Mental strength is the ability to control your mind instead of being controlled by it.

For example:

  • Mental toughness is what allows you to avoid spirals of self-criticism and shame and instead focus on things that are less harmful, like the conversation you’re having with your son or the report you’re supposed to write.
  • You are able to resist the urge to respond impulsively to your spouse’s sarcastic comment by either saying nothing or assertively stating that you do not appreciate the sarcasm.

Obviously, there are aspects of your mind that you cannot control, such as whether a particular memory comes to mind. or whether you are afraid of being nearly struck by a car.

Therefore, just because you have developed mental strength does not mean that you will be able to have complete control over everything that transpires between your ears.

Mental toughness means knowing what aspects of your mind you can control and doing them well when it matters.

For example:

  • You will be unable to control whether an irregular concern jumps into your psyche. However, you can decide whether you will continue to worry about it.
  • You have no control over what someone says to you that is insensitive.

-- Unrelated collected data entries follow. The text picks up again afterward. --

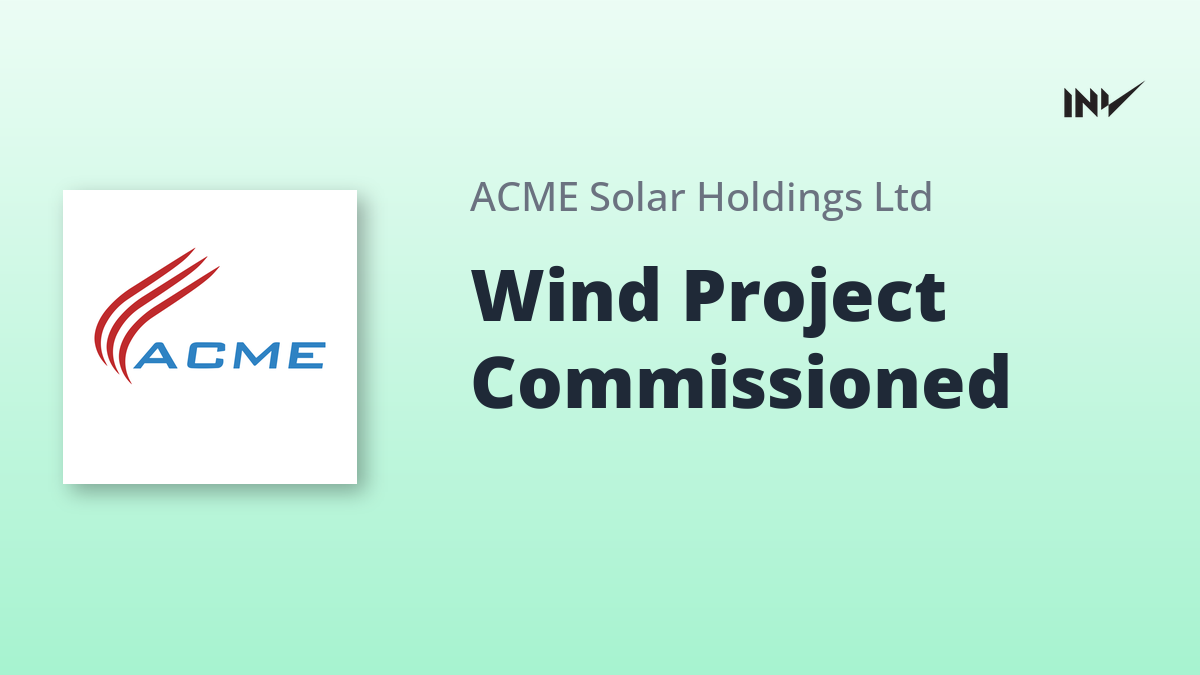 ACME Solar Holdings, via its subsidiary ACME Eco Clean Energy Pvt Ltd, has announced the commissioning of an additional 8 MW of its 100 MW wind power project. The project is located in Surendranagar, Gujarat. This follows the prior commissioning of 44 MW in previous phases.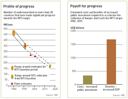 FAO's own estimates of the costs and benefits of action to accelerate progress towards the WFS goal suggest that US$24 billion a year in public investment, associated with additional private investment, would lead to a boost in annual GDP amounting to US$120 billion as a result of longer and healthier lives.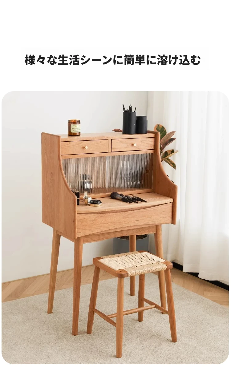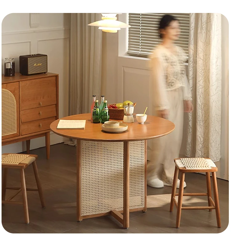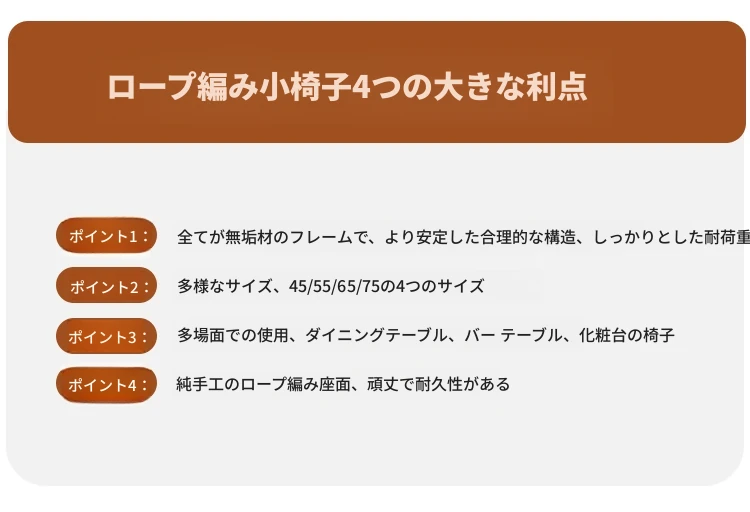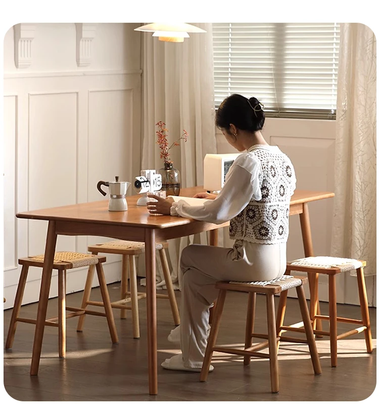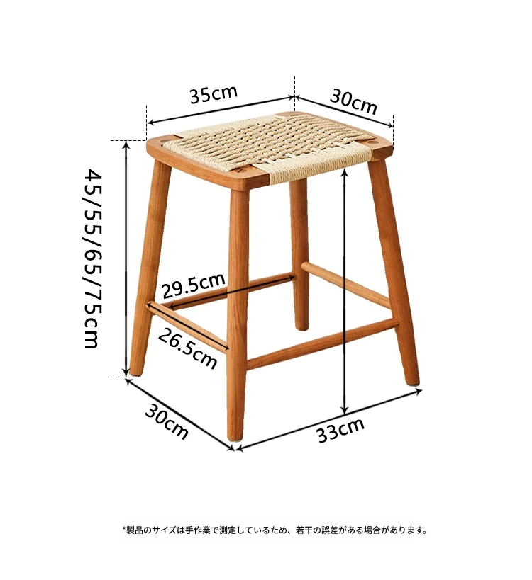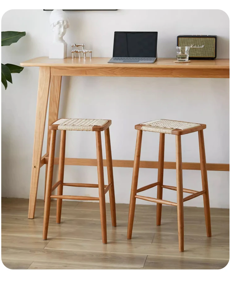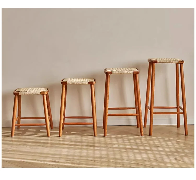 北欧風チェリーウッドのロープ編みミニスツール - シンプルでスタイリッシュな和風ドレッシングチェア、籐編みの靴替えスツールやメイクアップスツールとしても最適!

However, you have some control over what you say accordingly.

One of the many advantages of increasing your mental toughness is that it is one of the best ways to improve your emotional well-being….

  • Learning how to control your mental patterns of worry is the only way to reduce your anxiety over time.
  • When you learn to control your mental patterns of rumination, you will be able to control your anger issues.
  • Without learning how to control your mental pattern of self-criticism, it is difficult to break the cycle of low self-esteem.

To put it another way, you must train yourself to be mentally strong if you want to be emotionally resilient.

Furthermore, similar to any sort of preparing, developing mental fortitude requires a pledge to positive routines and practices over the long haul.

The following are three small routines that will gradually and steadily increase your mental toughness and emotional resilience.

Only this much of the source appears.